批量实现 for 循环
Implementing for loops as batches
我正在 dataframe
列上执行 2 个大的 for 循环任务。上下文就是我所说的“文本损坏”;将结构完美的文本变成充满缺失标点符号和拼写错误的文本,以模仿人为错误。
我发现 运行 10,000 行非常慢,即使在优化 for 循环之后也是如此。
我在这个 post.
上发现了一个名为 Batching 的进程
最上面的答案提供了一个简洁的模板,我认为它比常规的 for 循环迭代快得多。
我如何使用该答案来重新实现以下代码?(我添加了评论以询问更多相关信息)。
或者;是否有 任何技术可以使我的 for 循环变得相当快?
import pandas as pd
import random
import re
# example
df = pd.DataFrame(columns=['Forname', 'Surname', 'Sentence'])
df.loc['0'] = ['Bob', 'Smith', 'Hi, this is a perfectly constructred sentence!']
df.loc['1'] = ['Alice', 'Smith', 'Can you tell this is fake data?']
df.loc['2'] = ['John', 'Smith', 'This poster needs help!']
df.loc['3'] = ['Michael', 'Smith', 'Apparently, this poster is sturggling a bit LOL']
df.loc['4'] = ['Daniel', 'Smith', 'More fake data here; ok.']
df.loc['5'] = ['Sarah', 'Smith', 'Will need to think up of better ideas.']

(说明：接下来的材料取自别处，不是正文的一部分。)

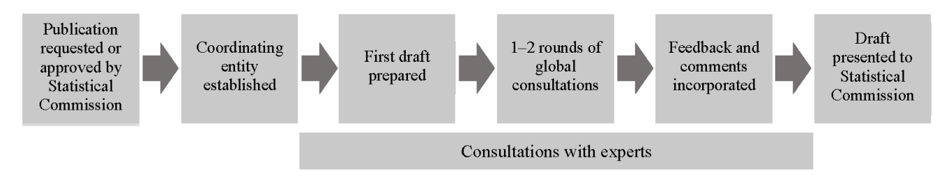
Figure I Common road map to adoption (non-revision)

df.loc['6'] = ['Matthew', 'Smith', 'Love a good bit of Python, me.']
df.loc['7'] = ['Jane', 'Smith', 'Is this a sentence?! (I think so).']
df.loc['8'] = ['Peter', 'Smith', "Remarkable - isn't it?"]
df.loc['9'] = ['Chloe', 'Smith', "Foo Bar... that's all that is left to say."]
print(df)
punctuation_marks = ['?', '…', '!', '.', ',', '—', '–', '–', ':', ';', '\"', '\'', '[', ']', '(', ')', '{', '}']
p = 0.5 # changeable
for idx, string in enumerate(df['Sentence']):
for punc in punctuation_marks:
if punc in string:
CHANCE = (random.randint(1, 100)) / 100
if CHANCE <= p:
df['Sentence'][idx] = string.replace(punc, '')
misspellings_corpus = open('misspellings_corpus.txt', 'r')
misspellings = misspellings_corpus.readlines()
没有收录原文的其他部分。